Task
Copy exactly the stretch of data below from the line with "株式会社マイナビ(本社:東京" through the line with "Na Koroškem so", including both of those lines.
____ Input
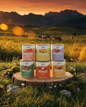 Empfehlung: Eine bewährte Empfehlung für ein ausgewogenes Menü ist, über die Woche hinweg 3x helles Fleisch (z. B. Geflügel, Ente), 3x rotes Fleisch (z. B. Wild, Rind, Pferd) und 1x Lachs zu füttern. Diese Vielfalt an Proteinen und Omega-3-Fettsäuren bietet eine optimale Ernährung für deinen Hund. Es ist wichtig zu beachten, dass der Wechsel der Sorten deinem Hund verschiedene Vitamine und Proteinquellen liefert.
________
____ Input
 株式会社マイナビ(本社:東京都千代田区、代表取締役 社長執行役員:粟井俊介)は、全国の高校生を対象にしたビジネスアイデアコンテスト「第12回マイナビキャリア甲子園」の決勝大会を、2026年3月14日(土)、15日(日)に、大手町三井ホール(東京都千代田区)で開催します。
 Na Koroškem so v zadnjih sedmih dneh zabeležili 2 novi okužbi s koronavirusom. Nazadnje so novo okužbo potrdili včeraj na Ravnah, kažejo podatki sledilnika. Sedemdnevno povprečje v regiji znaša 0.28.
________
Response to the task
 株式会社マイナビ(本社:東京都千代田区、代表取締役 社長執行役員:粟井俊介)は、全国の高校生を対象にしたビジネスアイデアコンテスト「第12回マイナビキャリア甲子園」の決勝大会を、2026年3月14日(土)、15日(日)に、大手町三井ホール(東京都千代田区)で開催します。
 Na Koroškem so v zadnjih sedmih dneh zabeležili 2 novi okužbi s koronavirusom. Nazadnje so novo okužbo potrdili včeraj na Ravnah, kažejo podatki sledilnika. Sedemdnevno povprečje v regiji znaša 0.28.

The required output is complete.